Ternak unggas merupakan jenis yang dibudidayakan untuk tujuan produksi sebagai penghasil pangan sumber protein hewani bagi masyarakat dan memiliki nilai ekonomis bagi manusia yang memeliharanya. Beberapa jenis unggas memberikan
keuntungan antara lain adalah ayam, itik, kalkun, merpati dan puyuh. Ilmu
ternak unggas adalah ilmu yang mempelajari prinsip–prinsip produksi
(pembibitan, pembesaran, produksi telur) penaganan produk dan pemasaran produk
ternak unggas. Produk ternak unggas berupa daging dan telur.
Ternak
unggas merupakan media yang efisien dalam mengubah protein nabati dan bahan –
bahan lain yang umumnya tidak sesuai dengan kelaziman selera manusia menjadi
daging atau telur. Ayam, itik, puyuh, mentok dan merpati adalah beberapa contoh
unggas yang telah diternakkan dan biasa diusahakan oleh masyarakat. Unggas ini
sendiri merupakan aset sumber daya utama dari peternakan unggas.
Burung
puyuh adalah unggas daratan yang kecil namun gemuk. Mereka pemakan biji-bijian
namun juga pemakan serangga dan mangsa berukuran kecil lainnya.

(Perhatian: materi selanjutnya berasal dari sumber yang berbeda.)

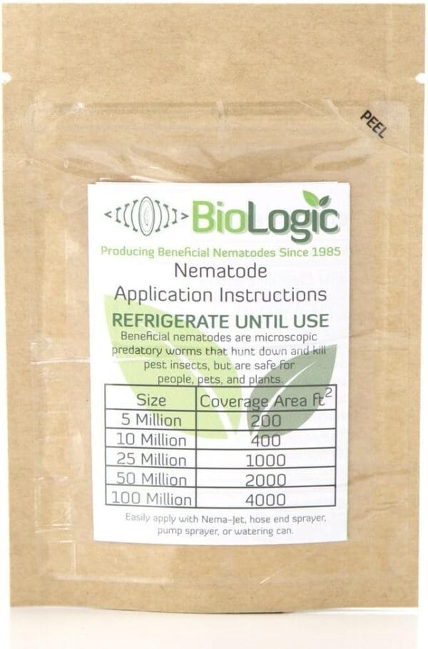 Scanmask Spray beneficial nematodes contain the species Steinernema feltiae, a native naturally occurring insect parasitic nematode. The nematodes in Scanmask seek out pest insects, enter their bodies and release a symbiotic bacteria that kills the insect. BioLogic’s nematodes have not been modified in any way and are supplied in a moist inert carrier. Treating with Scanmask is easy! Apply with either a hose end sprayer, watering can or BioLogic’s Nema-jet sprayer. Scanmask controls a wide variety of insect pests, but is safe for people, pets, and plants. Scanmask is also compatible with other beneficials like earthworms, ladybugs, and praying mantids. Scanmask controls over 230 pests including: armyworms, black vine weevils, root maggots, cutworms, fire ants, fleas, fungus gnats, Japanese beetle larvae, tree borers, sod webworms, white grubs, and wireworms. This product ships direct from the producer, BioLogic. Nematodes are packed in an insulated box with ice. Shipments go out Monday-Wednesday to avoid sitting in transit over the weekend and to ensure healthy nematodes. Refrigerate nematodes upon arrival and until use. Can be refrigerated for up to 2 months from ship date, but should be used within a week of opening.
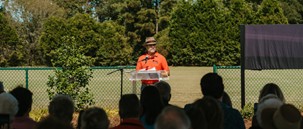 Ceremony held to dedicate MGA Intermural Fields to memory of Douglas Davis.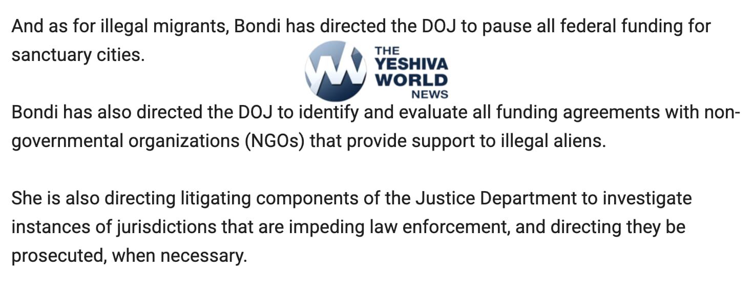 HER FIRST MOVE AS ATTORNEY GENERAL! Pam Bondi has just directed the Department of Justice to pause all federal funding for sanctuary cities.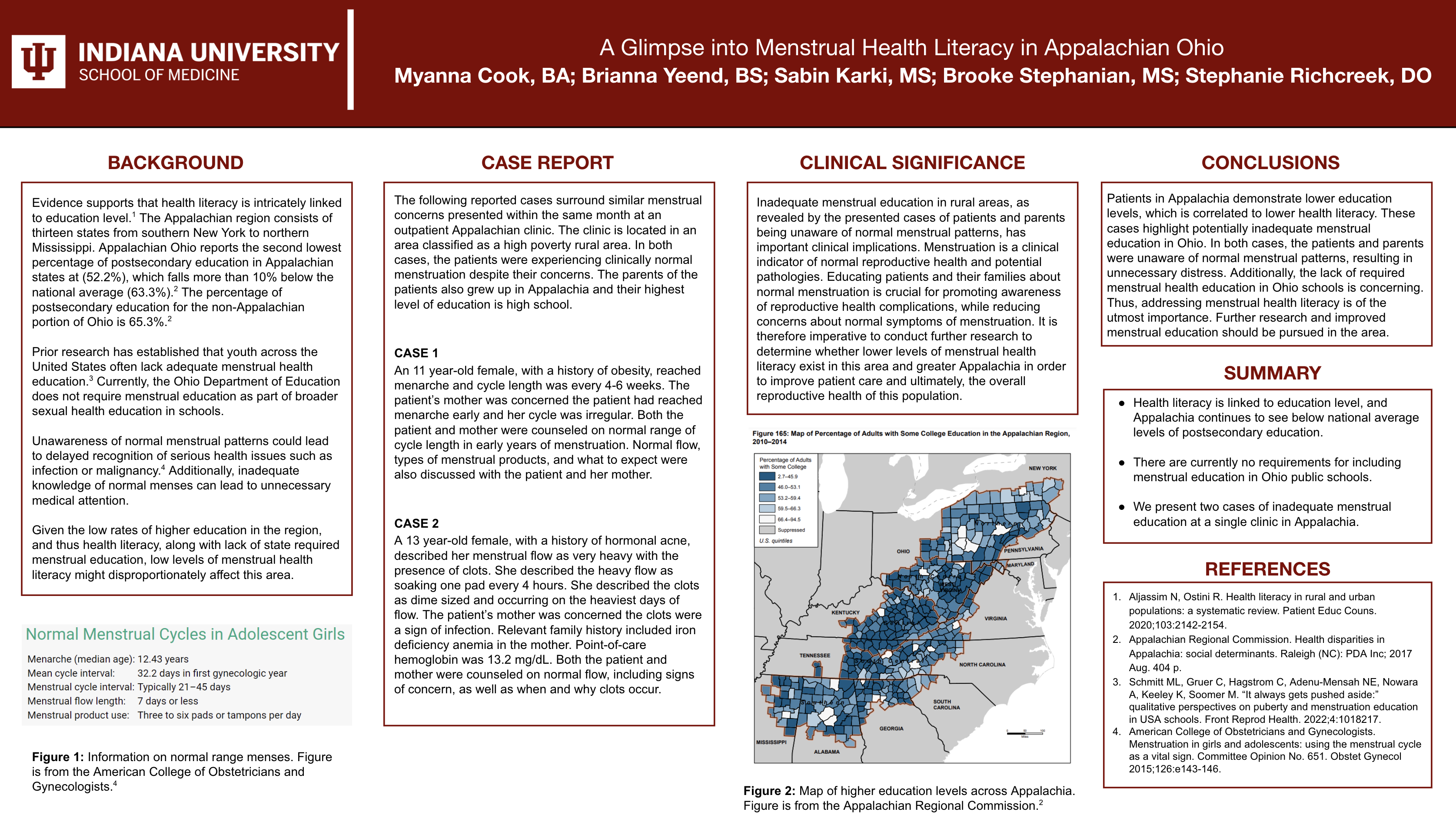 • Cook, M., Yeend, B., Karki, S., Stephanian, B.A., Richcreek, S. A Glimpse into Menstrual Health Literacy in Appalachian Ohio. American Medical Women’s Association Annual Meeting. Philadelphia, PA. Apr., 2023.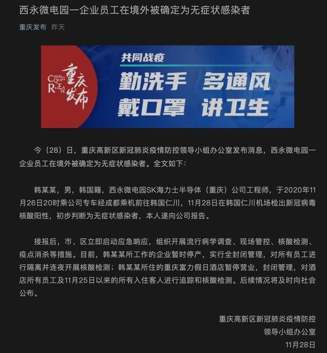 据重庆发布,重庆高新区新冠肺炎疫情防控领导小组办公室11月28日通报,重庆西永微电园一企业员工在境外被确定为无症状感染者。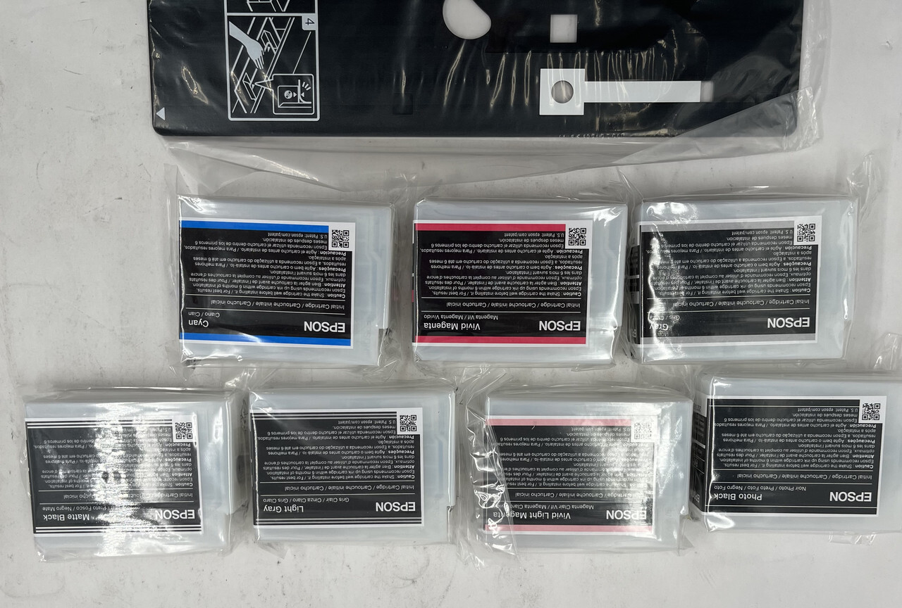 EPSON GENUINE SURECOLOR P700/P900 SET 7 STARTER INK These items are sealed in a freight worn box as shown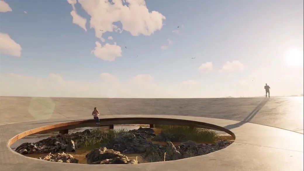 纪念碑将矗立在城市滨水区的边缘,通过长长的人行道进入。当游客站上圆形平台,感受到壮阔的海洋、辽远的天空,以及脚下苍茫的大地,外观自然而内省于身,寄托反思和哀悼。大型的圆形结构将起到“弥合城市与自然世界之间的差距,为内省创造理想环境的感官体验”的作用。

Mereka
bersarang di permukaan tanah, dan berkemampuan untuk lari dan terbang dengan
kecepatan tinggi namun dengan jarak tempuh yang pendek. Burung Puyuh merupakan jenis
burung yang tidak dapat terbang, ukuran tubuh relatif kecil, berkaki pendek dan
dapat diadu, Burung puyuh di sebut juga Gemak (Bhs. Jawa-Indonesia). Bahasa
asingnya disebut “Quail”, merupakan bangsa burung (liar) yang pertama kali
diternakkan di Amerika Serikat, tahun 1987. Dan dikembangkan ke penjuru dunia,
Sedangkan di Indonesia puyuh mulai dikenal, dan diternakkan semenjak akhir
tahun 1979 kini mulai bermunculan di kandang-kandang ternak yang ada di
Indonesia.
puyuh petelur, sumber : http://cybex.pertanian.go.id |
Puyuh (Coturnix coturnix japonica) merupakan salah satu sumber
diversifikasi produk daging dan telur. Dengan ukuran tubuh yang kecil, puyuh
memiliki keunikan, yaitu pertumbuhan yang cepat, dewasa kelamin lebih awal,
produksi telur yang relatif tinggi, interval generasi dalam waktu singkat, dan
periode inkubasi relatif cepat. Beberapa tahun terakhir puyuh juga dimanfaatkan
sebagai hewan coba dalam berbagai penelitian karena tahan terhadap stres, tahan
pada berbagai penyakit, dan memiliki daya kesembuhan relatif tinggi.Peternakan
burung puyuh merupakan salah satu sektor peternakan yang paling efisien dalam
menyediakan daging dan telur serta merupakan bahan makanan sumber hewani yang
bergizi tinggi.
Pada
umur enam minggu ternak burung puyuh sudah berproduksi, tidak membutuhkan
permodalan yang besar, mudah pemeliharaannya serta dapat diusahakan pada lahan
yang terbatas. Ternak burung puyuh memiliki keunggulan seperti halnya ternak
unggas lainnya, antara lain kandungan protein 13,1% dan lemak 11,1% lebih baik
dibandingkan dengan ternak unggas (ayam ras dan itik). Keuntungan lainnya yaitu
dapat berproduksi dalam usia muda, siklus reproduksi singkat, dan tidak
memerlukan lahan yang luas. Nilai jual puyuh di setiap tingkat umur cukup
tinggi, baik telur konsumsi, telur tetas, bibit, hingga afkirnya.
Klasifikasi Burung Puyuh
Kingdom : Animal
Phylum : Chordata
Kelas : Aves
Ordo : Galiformes
Famili : Phasianidae
Genus : Coturnix
Species : Coturnix Coturnix Japanica
Ternak
Burung Puyuh termasuk ternak dengan Produktivitas yang relatif tinggi.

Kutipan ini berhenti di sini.